Professional and amateur poker players are coming to Washington to deliver an online petition signed by over a 300,000 people in less than a month, asking Congress to regulate and then tax online poker playing in the United States. When is the last time an industry came to Washington and actually asked to be taxed? But poker players know that the current situation, where poker playing is legal but owning a poker-playing site is not, is completely unsustainable
There is a grassroots rebellion going on in America when it comes to poker. When the President asked the public to name their top issues through his government website, making Internet poker legal was among the top requests of the American people. The President knows about the popularity of poker -- he is an avid player himself. And he is not alone. Poker is a favorite Washington pastime among members of Congress, Senators, members of the Supreme Court, and even among the news media.

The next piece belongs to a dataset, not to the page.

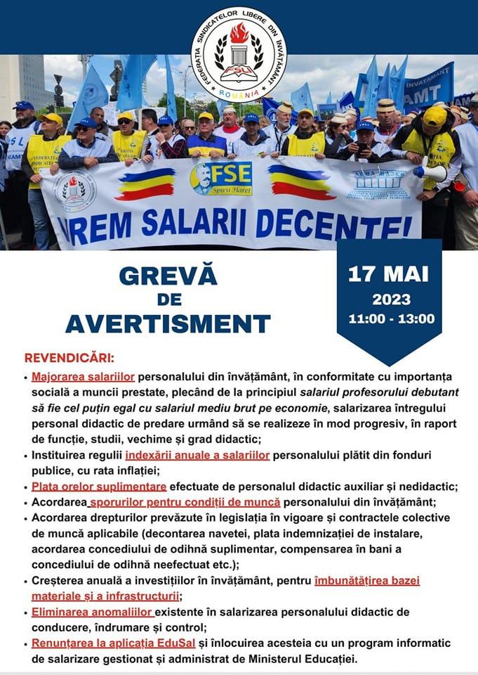 ”La orele 20:00 s-a încheiat ședința Colegiului Național al Liderilor FSLI. S-au centralizat rezultatele referendumului și avem 71% dintre colegi care au semnat pentru greva generală la nivel național. Ca atare, votul FSLI este că din 22 mai, orele 8:00 începe GREVA GENERALĂ. Pentru aceasta, conform legii, trebuie parcursă și greva de avertisment. S-a votat ca miercuri, 17 mai, în intervalul 11,00-13,00 să se deruleze greva de avertisment. Repet, fără greva de avertisment nu se poate declanșa greva generală. Aceleași decizii le-au luat și cei de la Spiru Haret. La greva de avertisment vom sta cu copiii în clasă și îi supraveghem. La greva generală, începând de luni, 22 mai, anunțam părinții să nu își aducă la scoală/grădiniță/creșă copiii pentru că SUNTEM ÎN GREVA GENERALĂ, ADICĂ INCETĂM LUCRUL. Dacă cineva vă spune că nu puteți face grevă pentru că le încălcați drepturile elevilor, nu face altceva decât să vă intimideze. Nu cădeți în această capcană! De la mitingul din 10 mai, când au ieșit în Piața 15000 de salariați din învățământ, niciun reprezentant al Guvernului nu a discutat cu noi despre problemele noastre”, spune un cadru didactic.

Proponents of a poker ban say it's all about kids, but protecting kids comes not through poorly prosecuted prohibition, but through common-sense regulation. The Poker Players Alliance will hold a forum on Capitol Hill during their fly-in, highlighting the efforts of several companies to make it more difficult - if not impossible - for kids to get access to poker playing sites. But these efforts are all for naught as long as Congress continues this unhelpful ban on American Internet poker companies.
When we come to Washington, we will meet with members of Congress, like Barney Frank of Massachusetts and Peter King of New York, who understand that the best way to protect kids, promote freedom and collect more taxes, is to create a licensed, regulated Internet poker industry in the United States. We will also meet with our opponents, lay our cards on the table and call their bluff.
I have played a lot of poker in my time, so I know a winning hand when I see one. Giving the American people more freedom, collecting more tax revenue for the government, enhancing regulations to protect children, and bringing more common sense to our legal system looks like a Royal Flush to me.